- From: <keshlam@us.ibm.com>
- Date: Tue, 18 Mar 2008 14:26:50 -0400
- To: "dave boland" <dboland9@fastmail.fm>
- Cc: www-dom@w3.org, www-dom-request@w3.org
- Message-ID: <OFF1CCFB59.648B6EFA-ON85257410.00647A1E-85257410.00655593@lotus.com>
> 1. Where can I find a concise description of the differences between the > DOM levels and what browser level they support? The W3C Recommendation documents for DOM Level 1, Level 2, and Level 3 (and their optional modules) are available on the W3C's website. "DOM Level 0" is a wholly unofficial name for the early and not-quite-compatabile Dynamic HTML interfaces that existed before the DOM was standardized. As far as the second part goes: The question is, what level of the DOM does a given _browser_ support. Ask its authors.
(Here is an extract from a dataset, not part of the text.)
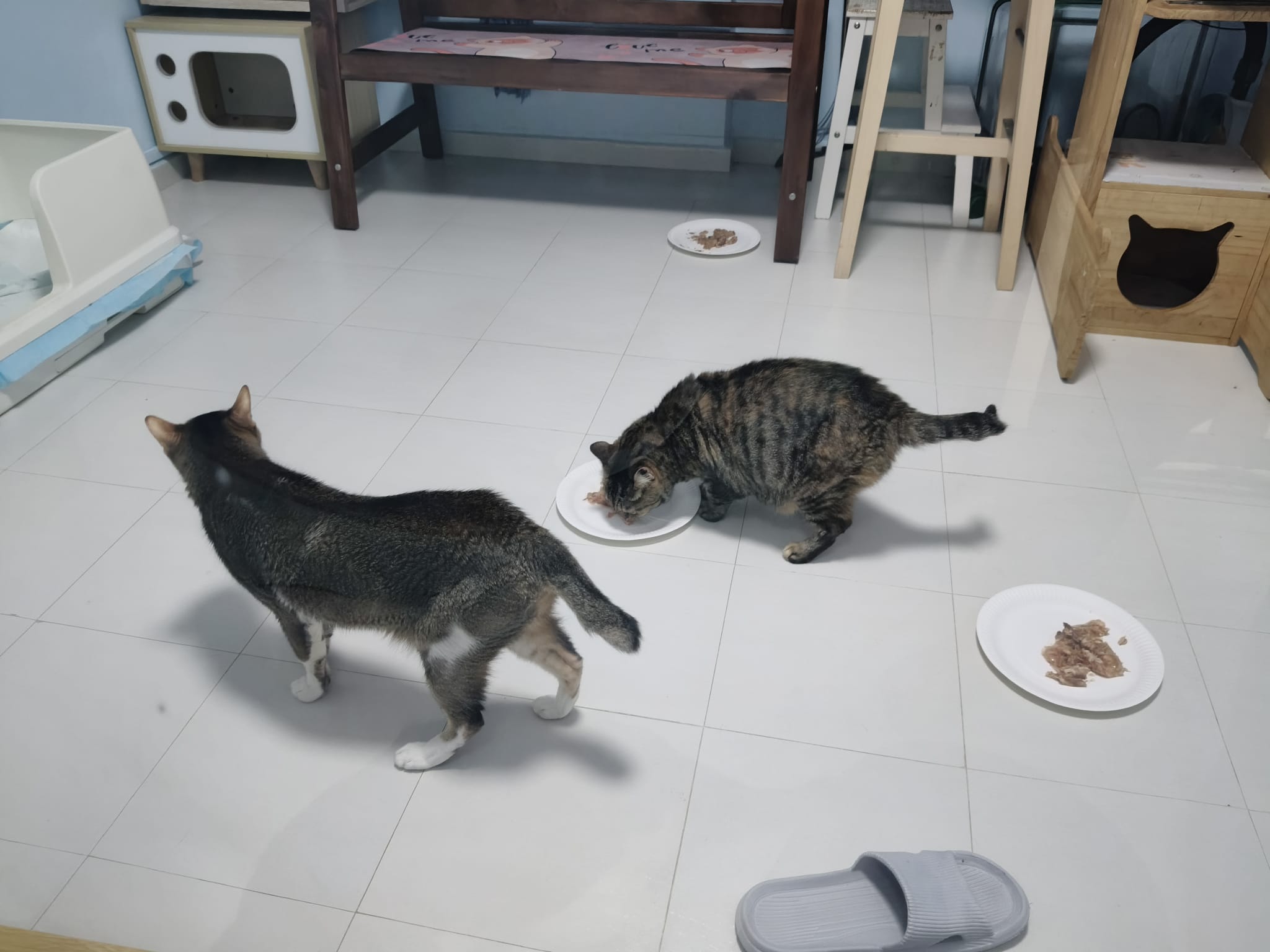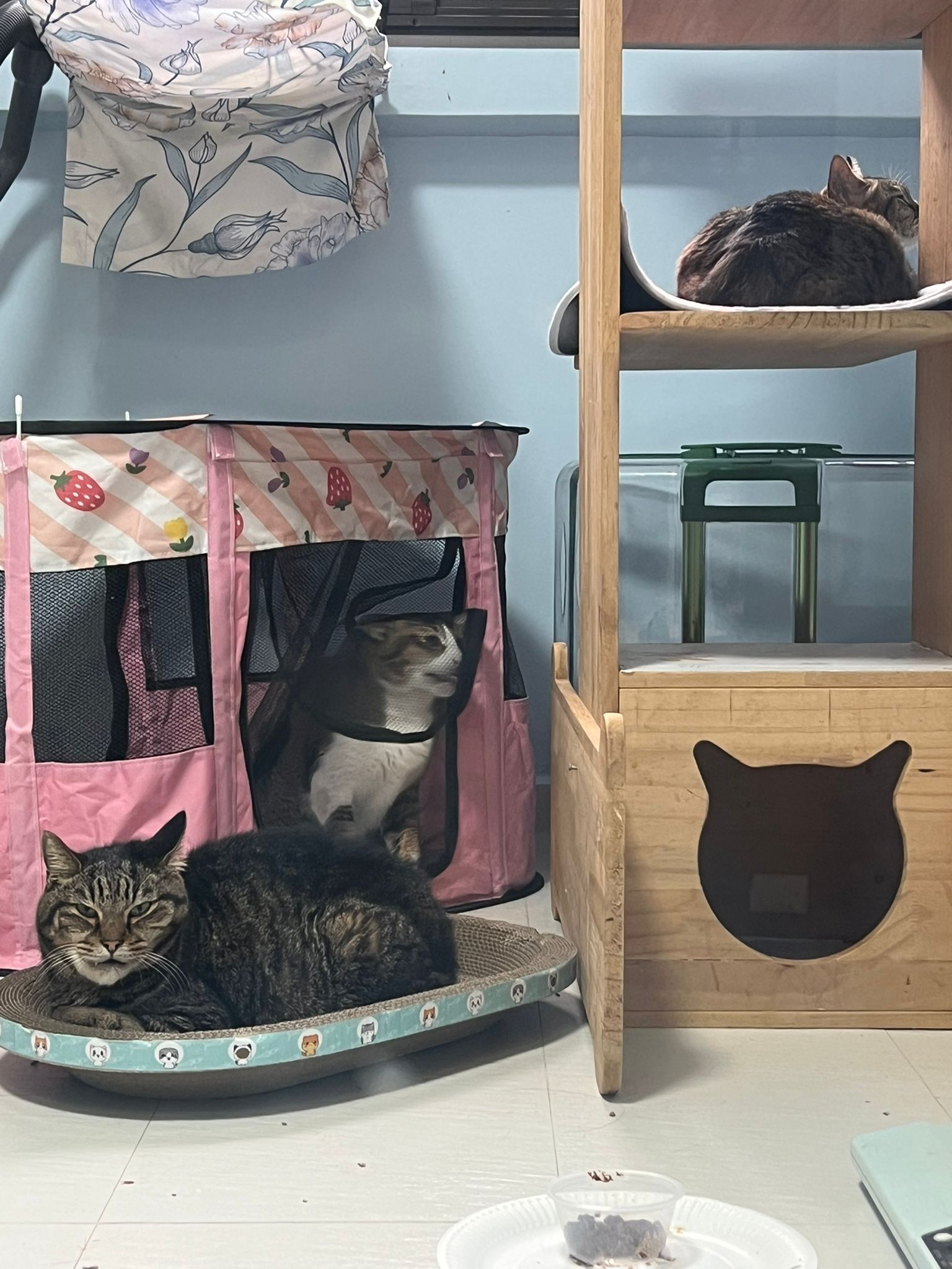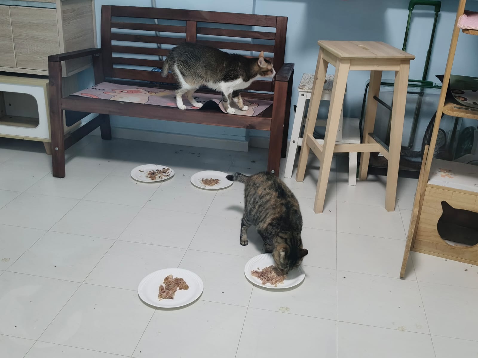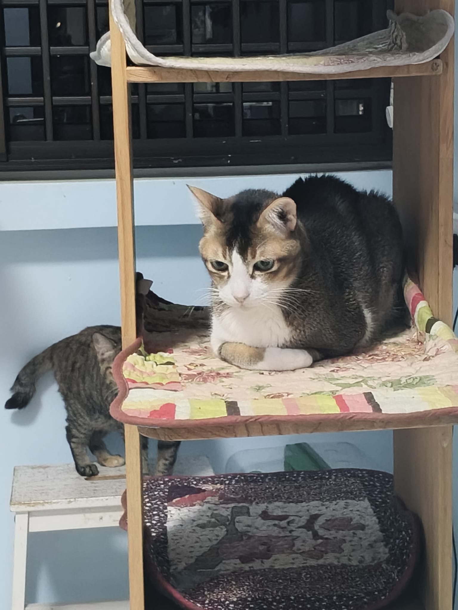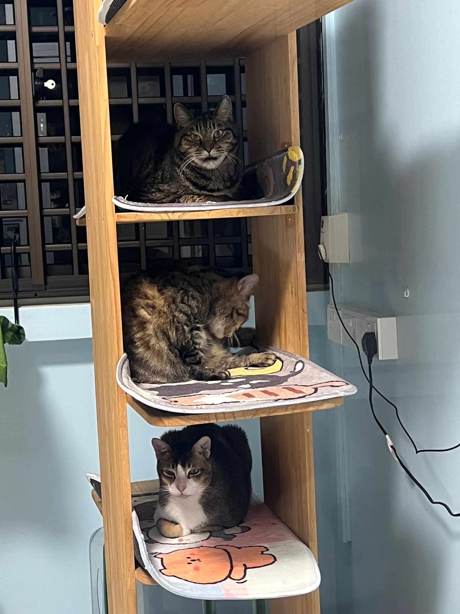 1pm+: I Waited so long their bench delivery not here yet. Today throw half their cat tree away. Rearrange a little. Tmr then give them the bench 🙂

The DOM is not just a browser interface; it's used many other places as well, and I don't think the W3C tries to keep track of who has implemented which levels or how well -- that's officially a Quality Of Implementation issue. > 2. Where can I find the complete topography of the DOM? Much of what you listed is not actually part of the DOM APIs -- it's part of the _browser's_ APIs, which are outside the scope of the DOM. The DOM covers only the Document, plus a bit of Document Type information (the document location can be retrieved in some versions of the DOM, for example). If you're referring to the HTML DOM in particular, that's described in the DOM Recommendation. > 4. Is there a difference between a regular DOM and a DHTML DOM? If so, > what is it? There is a difference between a basic DOM (which is typically used for XML and XHTML, but may be used for HTML) and an HTML DOM (which is what browsers more often use for HTML and -- if they support it -- XHTML). See the Recommendation. Basically, the HTML DOM adds HTML-specific accessors, but all the information is available through the basic DOM. > 5. I read somewhere that all of the events (onMouseOver for example) are > at the Window level. DOM Event handling is described in DOM Level 2's events module. What happens to the event once it gets out of the DOM and into the browser is the browser's problem. > Now that I look at the questions, perhaps there needs to be a document > (my words) called DOM 101 for script writers. There are many tutorials on the web. There have been many books published.